The mute button has created a false sense of multitasking. People think they're being productive by "attending" meetings while actually doing email or browsing LinkedIn. They're not really present for either activity. It's like trying to drive while texting—you're dangerous at both.

I started insisting on phone-only calls for anything involving fewer than four people. The difference is startling. Conversations that would take 45 minutes on video wrap up in 15 minutes on phone. Something about not seeing faces makes people more direct and less performative.

What Great Meeting Leaders Actually Do

The best meeting facilitators I know are slightly obsessive about preparation, ruthlessly focused during execution, and absolutely paranoid about follow-through. They don't wing it, ever.

They send out agendas that include specific questions each person needs to be ready to answer. Not vague "we'll discuss the project status"—actual questions like "Sarah, what's blocking the API integration, and what do you need from this group to solve it?"

During the meeting, they're comfortable with silence. Silence is where real thinking happens, but most facilitators panic and fill it with chatter. Learn to shut up and let people process. Some of the best insights come after 10-15 seconds of awkward quiet.

They end with clarity, not optimism. Everyone leaves knowing exactly what they're supposed to do, by when, and how success will be measured. "Thanks everyone, great discussion" is not an ending—it's an abdication of responsibility.

Most importantly, they follow up within 24 hours with written confirmation of decisions made and actions assigned. This isn't bureaucracy—it's the difference between a meeting that creates momentum and one that creates confusion.

The Australian Way Forward

We need to get comfortable with admitting when meetings aren't working. Our cultural tendency to "give things a fair go" works against us here. Some meeting formats are fundamentally broken and no amount of good intentions will fix them.
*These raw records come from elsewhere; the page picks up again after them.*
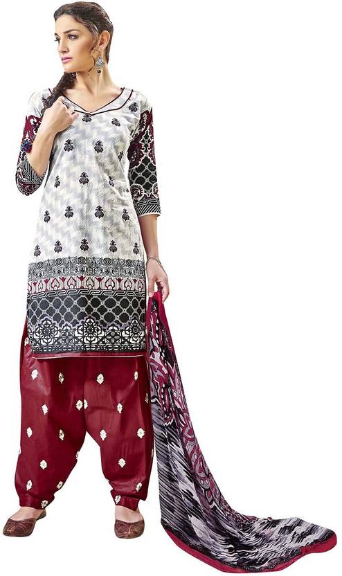 Top Color:-Grey, Bottom Color:-Maroon, Dupatta Color:-Grey & Off white, Top Fabric:-Cotton, Bottom Fabric:-Cotton, Dupatta Fabric:-Najneen, Top Size:-2 Mtr, Bottom Size:-2.25 Mtr, Dupatta Size:-2.25 Mtr
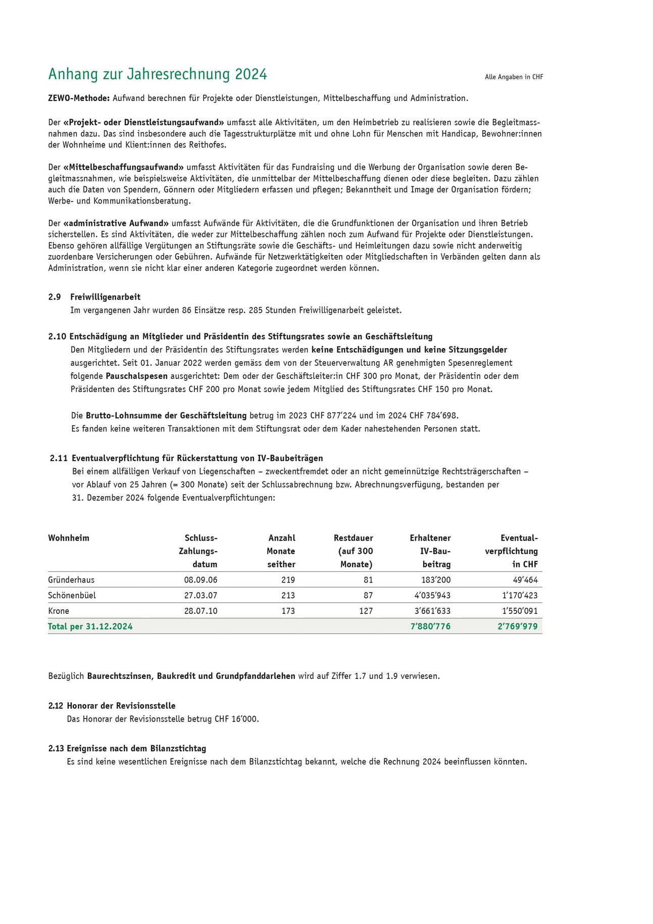 Für den Neubau und die Arealumgestaltung beim Wohnheim Bellevue wurden bis 31.12.2024 total CHF 3,6 Mio. investiert; davon rund 1,1 Mio. 2024.
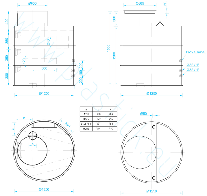 - Otvor v šachte na vŕtanú studňu, ktorý si vyberáte podľa rozmeru potrubia aký máte (priemer otvoru podľa vášho výberu 110; 125; 140; 160; 200) je umiestnený excentricky akoby na kraji revízneho vstupu do šachty (viď výkres).
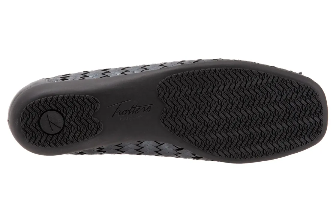 Trotters Gillian is a ballet flat with an intricate basket weave construction. Features include leather uppers, feminine bow detailing and rubberized outsole. A removable EVA footbed provides comfort, while a leather wrapped block heel adds stability.
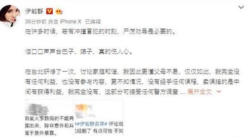 近日,伊能静在微博上卖课的事相信很多网友都知道,但是被网友质疑,随后就将微博删除,但并没有立即做出回应。在1月16日她发文回应这件事,但又引起了网友的不满
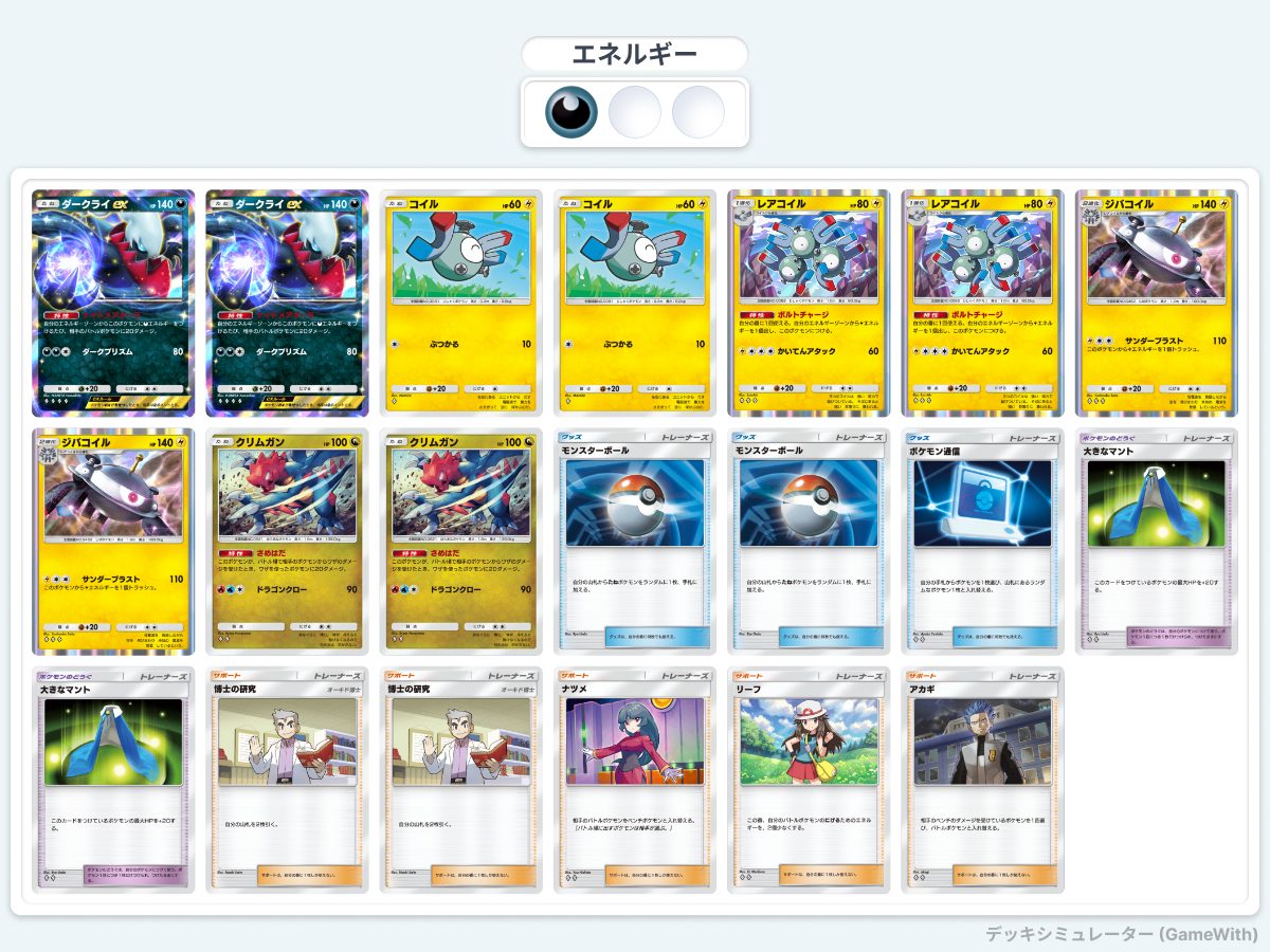 最後に、クリムガンジバコイルデッキは私が考えたデッキで、もしかしたら世には知られていないかも、、?基本的に私は大会の結果などを参考にしてデッキを作るのですが、このデッキだけは1から私が考えました。

Start saying no to meetings where you can't see your specific contribution. Ask organisers to explain exactly what decision needs your input. If they can't answer clearly, you probably don't need to be there.
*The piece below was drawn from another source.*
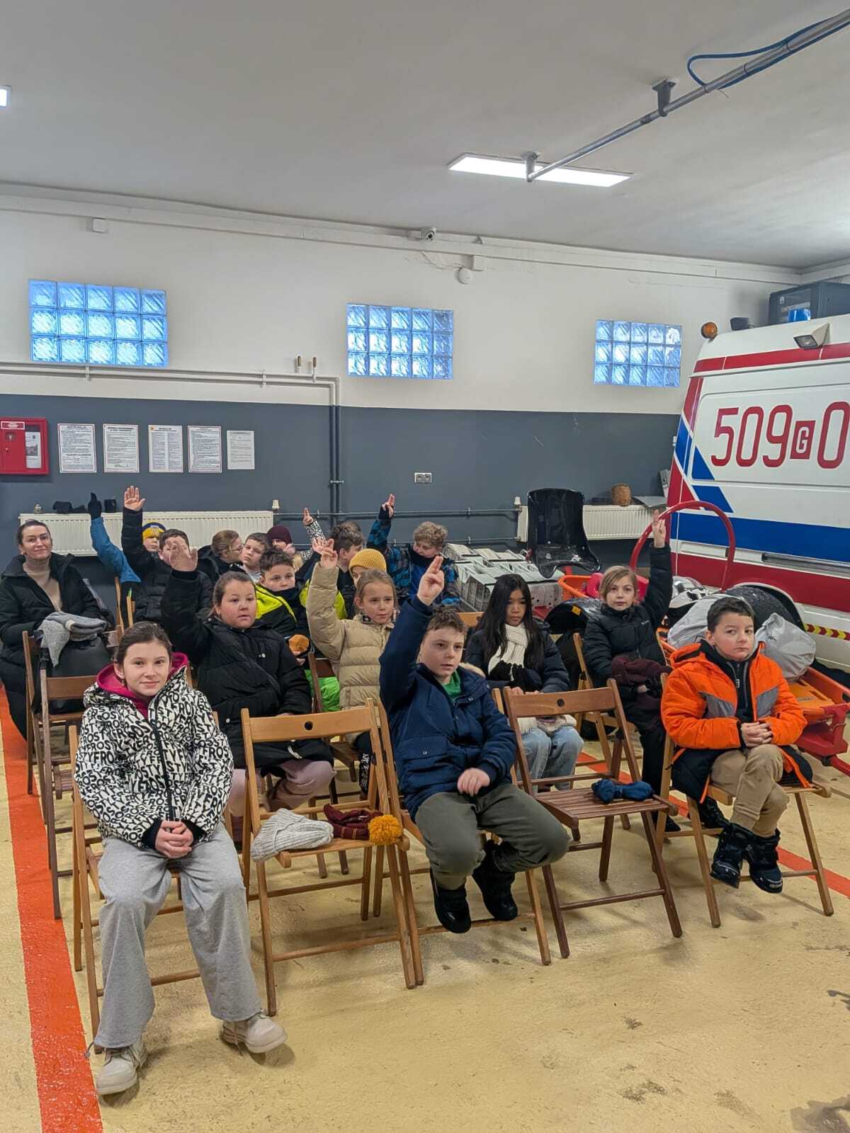 14.01.2026r. uczniowie klas 1–3 Szkoły Podstawowej w Helu odwiedzili Remizę OSP Hel, gdzie poznali zasady bezpiecznych zabaw zimowych ⛄🧤, utrwalili numery alarmowe 📞 oraz obejrzeli sprzęt ratowniczy 🚑.

When you do run meetings, embrace the discomfort of calling out tangents, redirecting rambling speakers, and ending early when objectives are met. Your team will initially resist this directness, but they'll eventually appreciate getting their time back.
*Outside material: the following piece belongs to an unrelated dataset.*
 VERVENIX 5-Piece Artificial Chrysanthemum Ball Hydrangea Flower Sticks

The companies that figure this out first will have an enormous competitive advantage. While their competitors are tied up in endless meetings, they'll be executing, iterating, and winning market share.

Your meetings are terrible because you've accepted terrible as normal. Stop accepting it. The solution isn't better meeting techniques—it's fewer meetings, run by people who understand that everyone's time is finite and precious.

Now if you'll excuse me, I have a "quick sync" to cancel.